The first event that Fountain cited in his presentation was the 1966 Division Street Riots that took place in Chicago. According to Fountain’s presentation the riots were a surprise to many.
“Chicago treated Puerto Ricans as model minorities,” Fountain said.
This notion of being a model minority was persistent across the United States and caused a lot of unrest among Puerto Rican communities, he said.
After many Puerto Rican riots the perceptions surrounding them as a minority have changed, he said. Prior to the riots in the 1970’s, Puerto Ricans were considered a model minority, whereas after they were seen as being no different from African-Americans at the time, Fountain said.
“What you see throughout these riots are feelings of invisibility,” Fountain said in his presentation.
As for the possibilities of riots occurring again Fountain said there have been seven near riots in the United States in the last 10 years.

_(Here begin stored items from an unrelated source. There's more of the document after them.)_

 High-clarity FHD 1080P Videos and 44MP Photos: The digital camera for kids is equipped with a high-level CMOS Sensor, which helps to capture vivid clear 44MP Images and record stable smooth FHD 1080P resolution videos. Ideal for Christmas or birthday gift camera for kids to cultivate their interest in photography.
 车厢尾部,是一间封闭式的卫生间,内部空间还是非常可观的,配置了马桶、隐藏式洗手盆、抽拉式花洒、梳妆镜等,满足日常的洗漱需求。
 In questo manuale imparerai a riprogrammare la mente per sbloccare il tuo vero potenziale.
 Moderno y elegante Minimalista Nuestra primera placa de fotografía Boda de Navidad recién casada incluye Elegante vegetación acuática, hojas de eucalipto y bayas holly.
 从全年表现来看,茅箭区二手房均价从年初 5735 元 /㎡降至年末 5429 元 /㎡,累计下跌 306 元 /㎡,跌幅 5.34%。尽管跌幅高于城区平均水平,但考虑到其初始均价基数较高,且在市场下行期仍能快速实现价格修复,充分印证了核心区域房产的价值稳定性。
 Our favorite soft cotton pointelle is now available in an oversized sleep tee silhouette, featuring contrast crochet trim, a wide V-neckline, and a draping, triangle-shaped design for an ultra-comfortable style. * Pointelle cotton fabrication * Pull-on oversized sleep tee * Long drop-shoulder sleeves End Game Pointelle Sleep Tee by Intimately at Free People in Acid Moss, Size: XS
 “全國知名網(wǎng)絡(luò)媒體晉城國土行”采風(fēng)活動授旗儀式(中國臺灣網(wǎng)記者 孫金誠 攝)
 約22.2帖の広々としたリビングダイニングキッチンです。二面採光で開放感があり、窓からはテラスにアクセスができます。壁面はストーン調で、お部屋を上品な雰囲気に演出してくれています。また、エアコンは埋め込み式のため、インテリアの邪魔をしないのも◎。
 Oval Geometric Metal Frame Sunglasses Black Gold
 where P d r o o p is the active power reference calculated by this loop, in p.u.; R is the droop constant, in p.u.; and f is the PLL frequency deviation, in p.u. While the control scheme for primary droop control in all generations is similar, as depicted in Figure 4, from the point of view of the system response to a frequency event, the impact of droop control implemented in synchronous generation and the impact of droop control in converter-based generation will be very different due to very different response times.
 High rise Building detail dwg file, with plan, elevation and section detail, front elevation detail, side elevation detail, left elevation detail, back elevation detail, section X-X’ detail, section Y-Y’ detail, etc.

He said there are still areas, like Philadelphia, that are possible places of further unrest due to high rates of poverty.
In the question-and-answer section a student present in the audience asked a question regarding the future of Latino riots under Trump’s presidency.
“If they do happen, they will probably happen very infrequently, but not at the same rate as in the ’70s,” Fountain responded.
Graduate student Jasmin McCray sat in on Fountain’s presentation for a class and said she wanted to expand her base of knowledge on Latino history.
“It made me realize that we never really talk about Latino history in class,” McCray said. “I felt like he knew a lot of information, so it was really cool that he was able to remember all those dates and information.”
In a previous version of this story, Fountain was misquoted about his use of the word "riot." The IDS regrets this error.